## Records from a collection

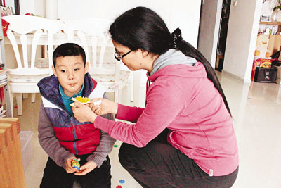 這時,7歲的小滔正跪在地板上,專注地擺弄著他最喜歡玩的雪花片,玩著玩著就發出了笑聲。媽媽蹲在他身邊餵他吃橘子,他只瞥了媽媽一眼,又接著玩了。母子近在咫尺,卻彷彿隔著最遙遠的距離。
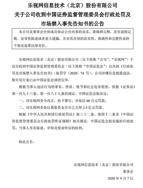 值得注意的是,本次《行政处罚及市场禁入事先告知书》中只提及了对乐视网的处罚。
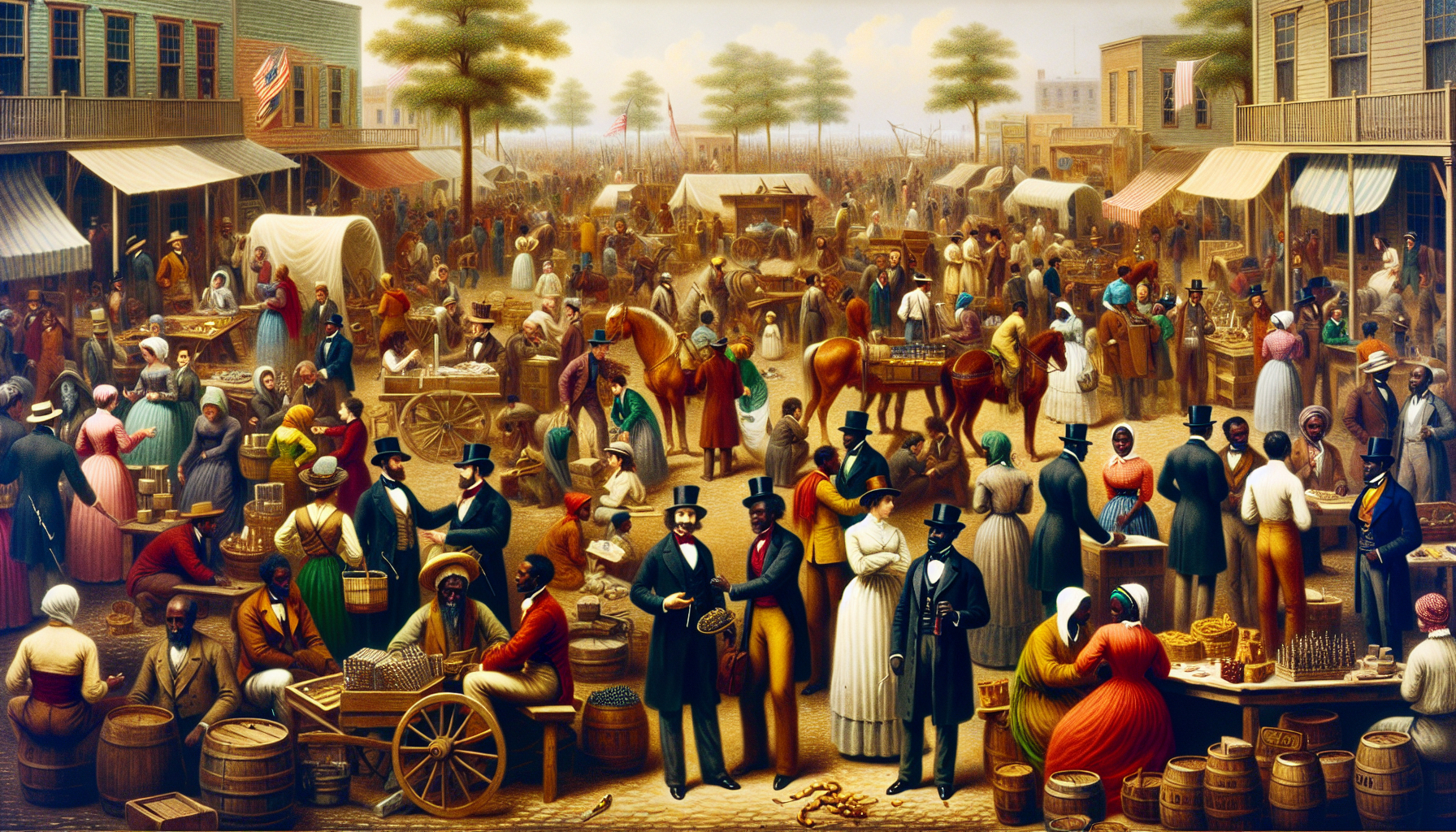 An image depicting a bustling scene from the Jacksonian era, with people engaged in various activities such as trading, discussing politics, and working.
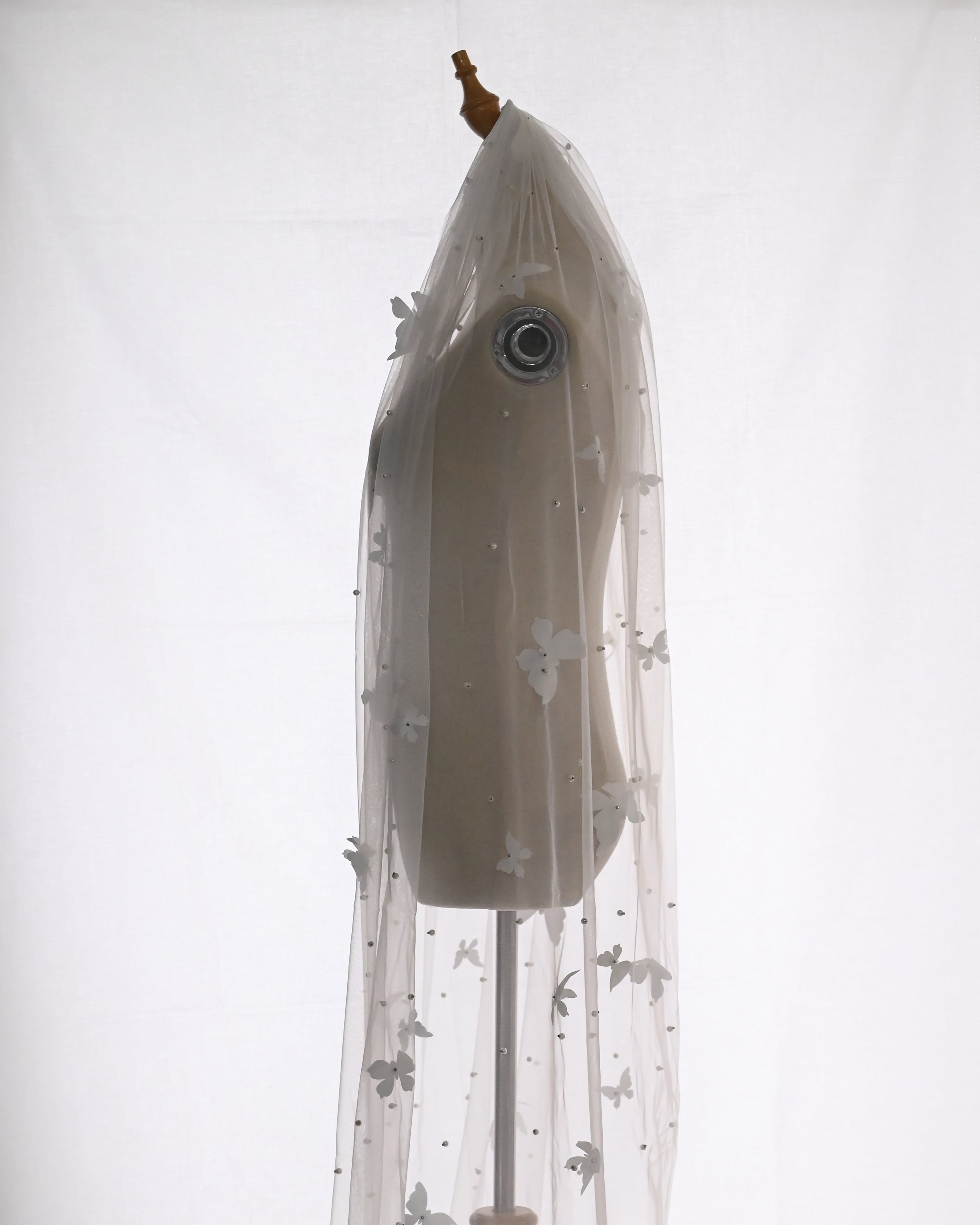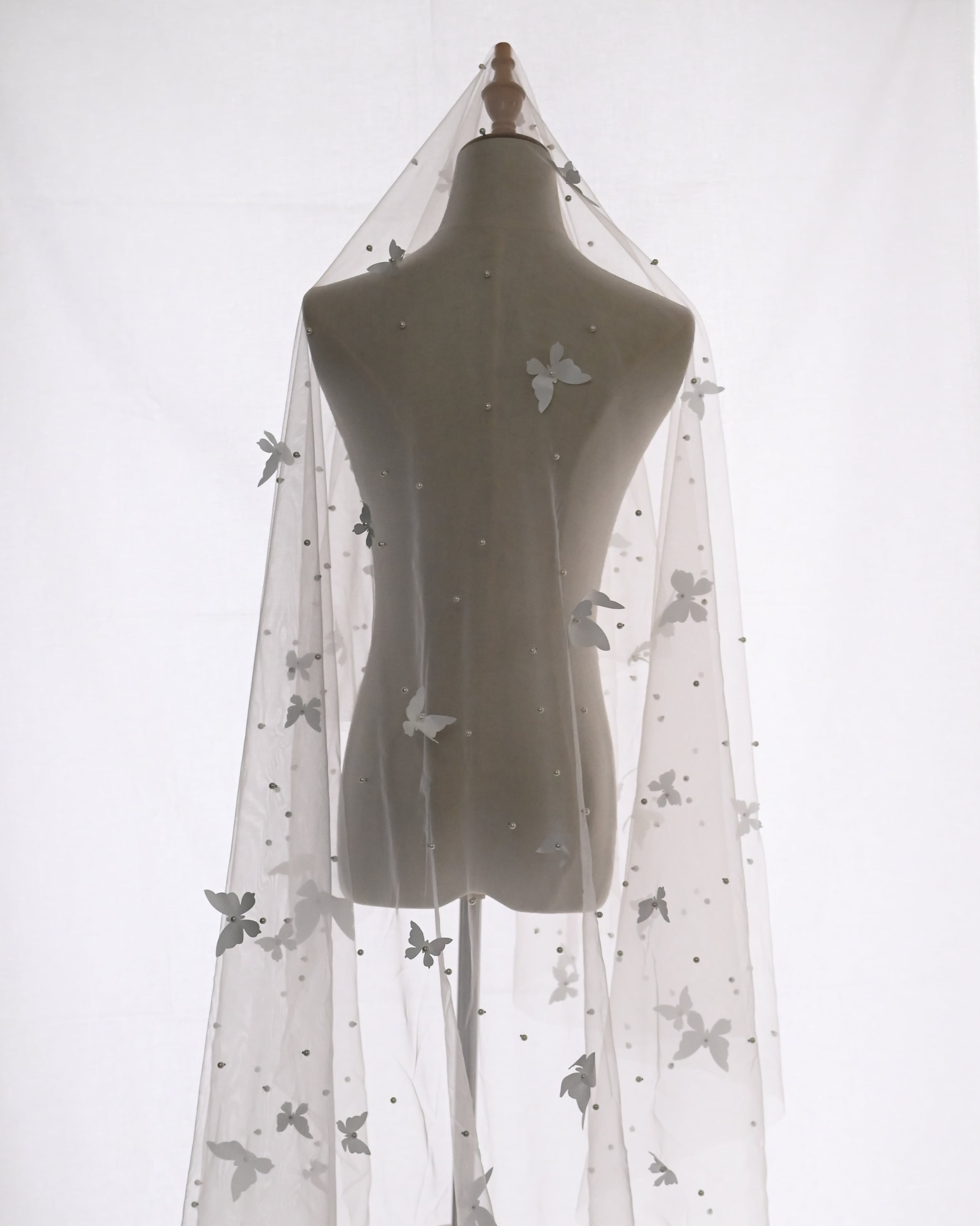 蝶々とパールを施したデザインはまるで童話に出てくる妖精のような可憐で華やかさあふれるウェディングベール。
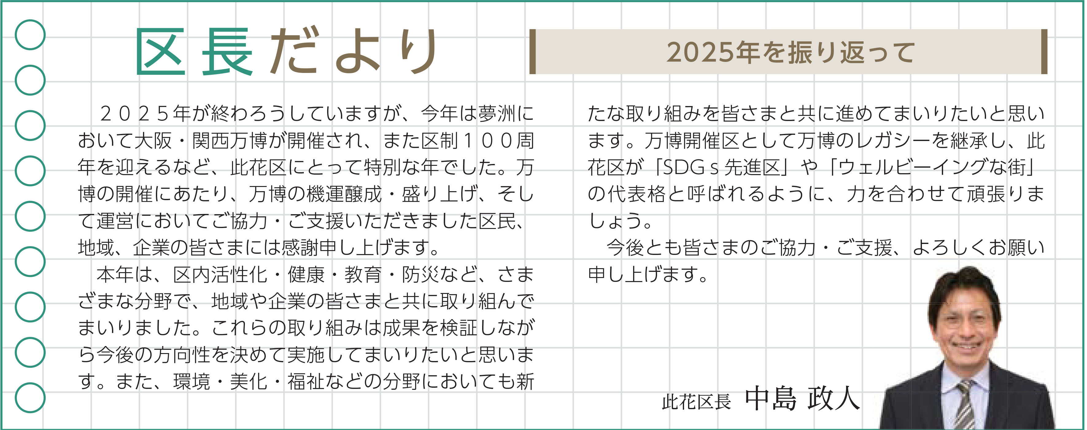2025年が終わろうしていますが、今年は夢洲において大阪・関西万博が開催され、また区制100周年を迎えるなど、此花区にとって特別な年でした。万博の開催にあたり、万博の機運醸成・盛り上げ、そして運営においてご協力・ご支援いただきました区民、地域、企業の皆さまには感謝申し上げます。
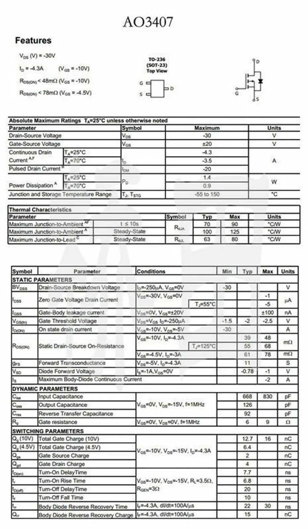 Model Number: AO3407
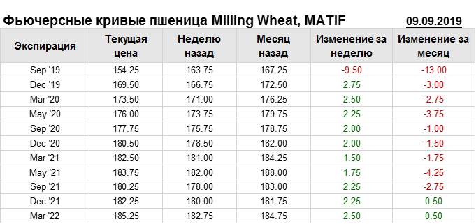 На 09.9.2019 стоимость пшеницы Milling Wheat на бирже MATIF по контракту Sep ’19 составила 154.25 евро за тонну. За прошедшую неделю стоимость пшеницы Milling Wheat упала на 9.5 евро/тонна. Как мы видим на графике, фьючерсная кривая имеет периоды, когда более дальний фьючерс дешевле ближнего. Состояние бэквардации наблюдаем на следующих контрактах: Sep ’21. Таким образом, трейдеры предполагают, что возможно превалирование предложения над спросом в указанные периоды.
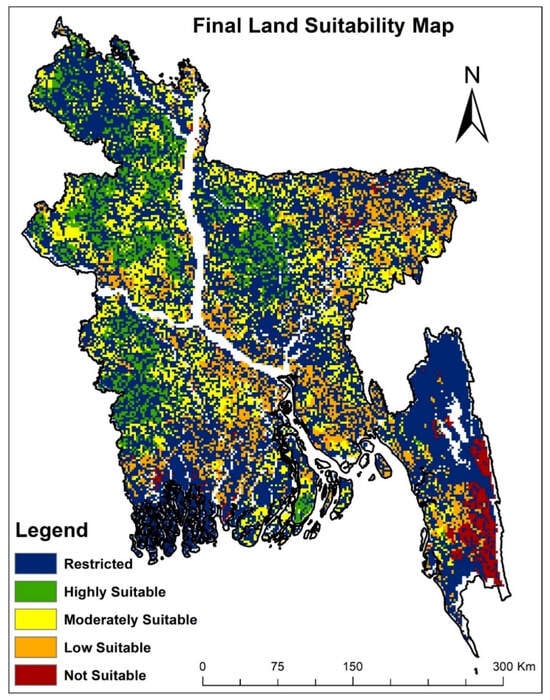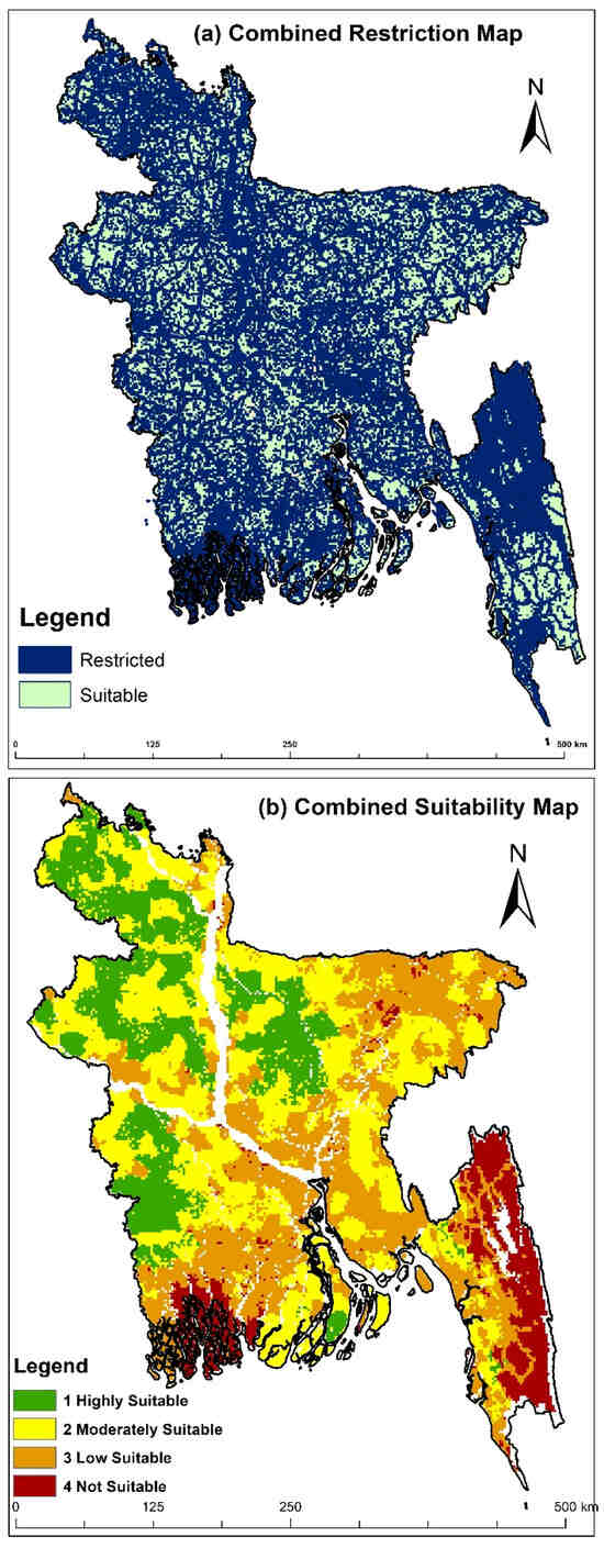 In the restriction modeling, six restricted features were analyzed and excluded from the country map to identify the lands that are applicable for further development (Figure 6a–f). In the case of suitability modeling, the degree of land suitability was analyzed based on six suitability features, and the separate suitability raster maps are shown in Figure 7a–f. After the combination of all the different restricted feature maps, the final restriction map was interpreted (Figure 8a), where the restricted and suitable areas were specified by blue and light green-colored areas, respectively. The separate suitability maps were combined to create the combined suitability map (Figure 8b), where the green, yellow, orange, and red-colored areas are indicated as highly suitable, moderately suitable, low suitable, and not suitable areas for siting composting plants in Bangladesh.
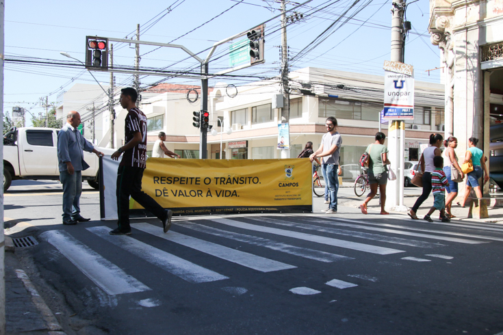 “Respeite o trânsito, dê valor à vida”. Essa é a frase da campanha "Maio Amarelo" levada em faixas aos motoristas, motociclistas e pedestres que transitam nas ruas de Campos. Nesta quinta-feira (3), uma equipe do Instituto Municipal de Transito e Transportes (IMTT) esteve no cruzamento das ruas Tenente Coronel Cardoso (antiga Formosa) e Barão de Miracema, dando orientações e distribuindo adesivos como parte da conscientização. O nome é alusivo à Campanha lançada no mês de maio, pelo Governo Federal, mas que, em Campos, irá seguir durante o ano inteiro.
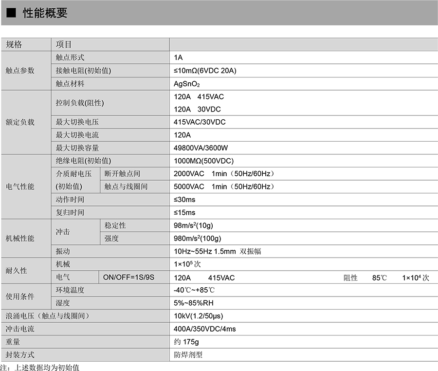 ● 120A 觸點切換能力
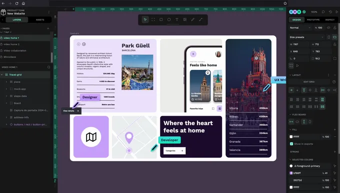 CSS GridやFlexboxなどWeb標準のレイアウト技術をネイティブサポートしているため、デザイナーが作成したレイアウトが開発者にそのまま伝わります。InspectパネルからCSSコードを直接コピーでき、デザインと実装の乖離を最小限に抑えられます。
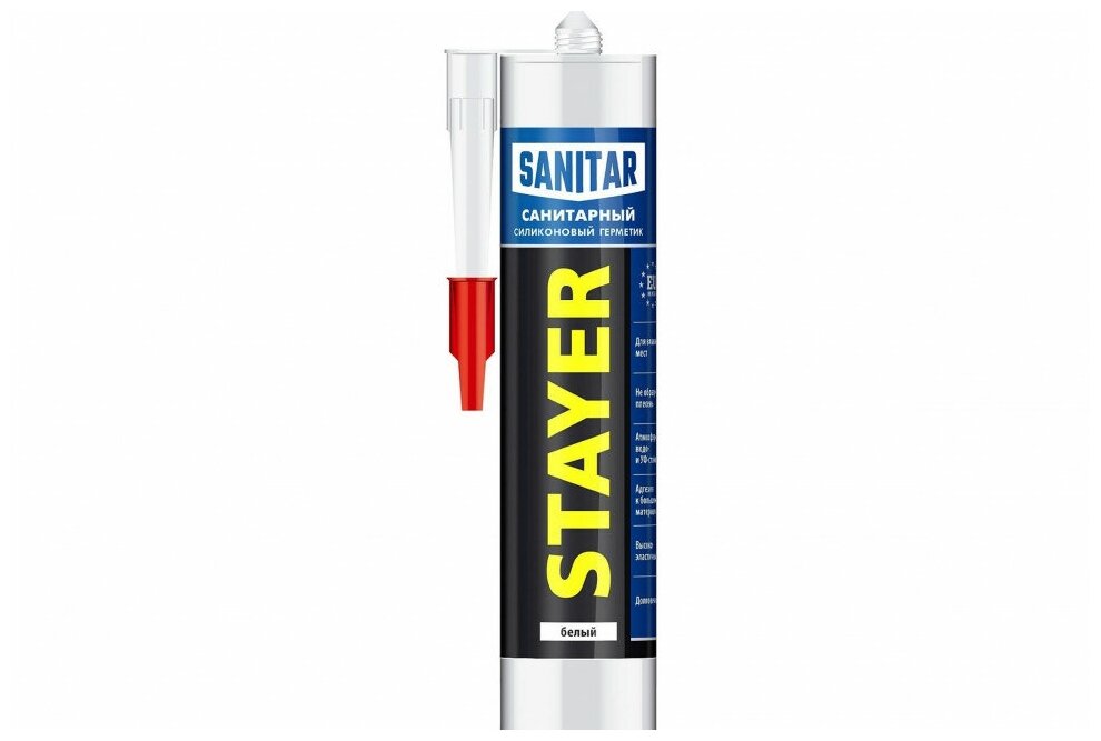| Описание | Герметик STAYER ''MASTER'' санитарный силиконовый, для помещений с повышенной влажностью. |

## WHAT THE EXERCISE ASKS
The required output is a verbatim repetition of the lines from the opening of the entries above through the line containing "На 09.9.2019 стоимость", inclusive, with no pictures and nothing else.

## THE ANSWER
 這時,7歲的小滔正跪在地板上,專注地擺弄著他最喜歡玩的雪花片,玩著玩著就發出了笑聲。媽媽蹲在他身邊餵他吃橘子,他只瞥了媽媽一眼,又接著玩了。母子近在咫尺,卻彷彿隔著最遙遠的距離。
 值得注意的是,本次《行政处罚及市场禁入事先告知书》中只提及了对乐视网的处罚。
 An image depicting a bustling scene from the Jacksonian era, with people engaged in various activities such as trading, discussing politics, and working.
 蝶々とパールを施したデザインはまるで童話に出てくる妖精のような可憐で華やかさあふれるウェディングベール。
2025年が終わろうしていますが、今年は夢洲において大阪・関西万博が開催され、また区制100周年を迎えるなど、此花区にとって特別な年でした。万博の開催にあたり、万博の機運醸成・盛り上げ、そして運営においてご協力・ご支援いただきました区民、地域、企業の皆さまには感謝申し上げます。
 Model Number: AO3407
 На 09.9.2019 стоимость пшеницы Milling Wheat на бирже MATIF по контракту Sep ’19 составила 154.25 евро за тонну. За прошедшую неделю стоимость пшеницы Milling Wheat упала на 9.5 евро/тонна. Как мы видим на графике, фьючерсная кривая имеет периоды, когда более дальний фьючерс дешевле ближнего. Состояние бэквардации наблюдаем на следующих контрактах: Sep ’21. Таким образом, трейдеры предполагают, что возможно превалирование предложения над спросом в указанные периоды.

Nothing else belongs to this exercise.